В пору своего студенчества в «Щуке» Леонид Филатов активно посещал спектакли многих московских театров, и больше всего ему нравилось именно то, что показывала «Таганка». Это совпадало с умонастроениями самого Филатова: эдакого хулиганствующего интеллигента, для которого проблема поисков справедливости всегда стояла на первом месте (еще с тех пор, как он жил в Ашхабаде и рос в дворовой среде). И самым активным борцом за справедливость в театральном мире Филатов (да и многие другие) считал именно Юрия Любимова.
Принадлежность к «Таганке» считалась делом престижным в столичных кругах, а престижность многое значила для провинциала Филатова. Кроме этого, этот театр был поэтическим, и это тоже лежало в русле филатовских пристрастий. Наконец, имелись и личные причины: там работала его пассия Лидия Савченко. Все перечисленное и стало поводом к тому, чтобы Филатов направил свои стопы в сторону Таганской площади. Хотя в училище его многие отговаривали от этого шага. «Это не ваш театр, Леонид, – уверяли его преподаватели. – „Таганка“ – это индустриальный театр, там органично разговаривающему артисту делать нечего. Там все орут, перекрикивая скрипы, шумы, падения…» Но все эти доводы оказались напрасными. Филатов приехал в Москву из провинции (Ашхабад именно таким местом и считался) с целью завоевать столицу, чтобы не робко заявить о себе, а громогласно – во весь голос. И лучшего места для этого, чем фрондирующая «Таганка», даже нельзя было себе представить.
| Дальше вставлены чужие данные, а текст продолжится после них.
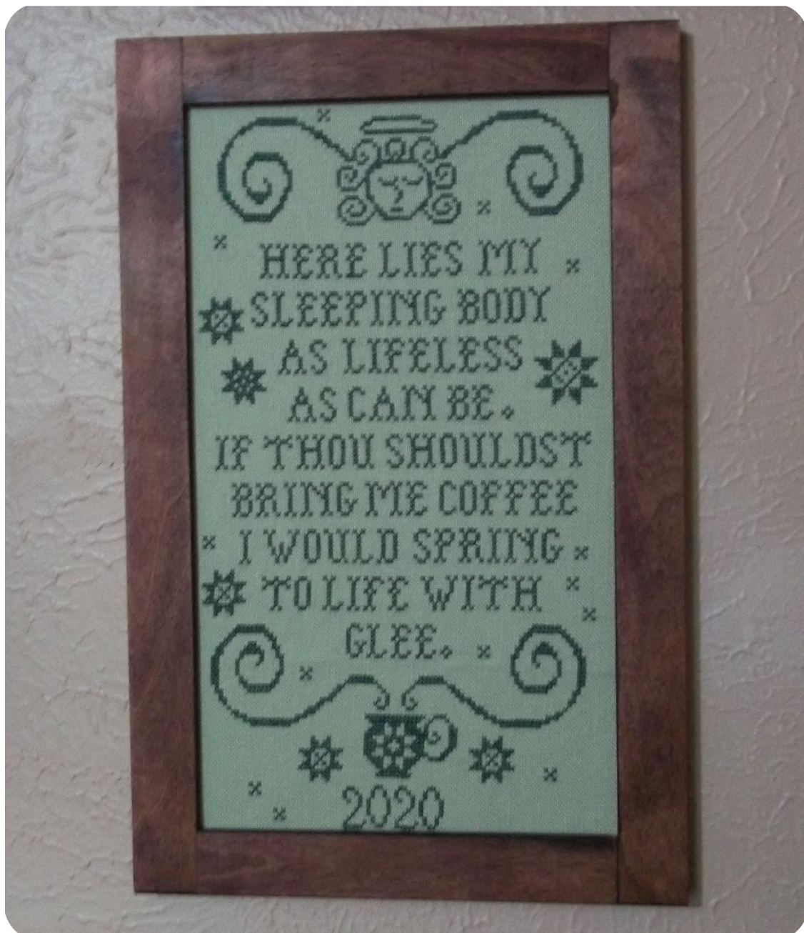
This is a free chart from Plum Street Samplers and the silk is PR111 from Silks4U.

This picture is of a Covid 19 quarantine start and finish. The chart was a freebie from Plum Street Samplers and the silk is PR111 from Silks4U.

Филатов попал в «Таганку» с первого захода, поскольку его преподаватель в «Щуке» Альберт Буров в то время ставил там спектакль «Час пик» и замолвил за него слово перед Юрием Любимовым. Однако, беря Филатова, Любимов больших авансов ему не давал, хотя и впечатлился его игрой в роли Актера в горьковской пьесе «На дне» в «Щуке». Но эта симпатия не стала поводом к предоставлению Филатову режима наибольшего благоприятствования, и он в итоге оказался всего лишь «на подхвате» – бегал в массовке.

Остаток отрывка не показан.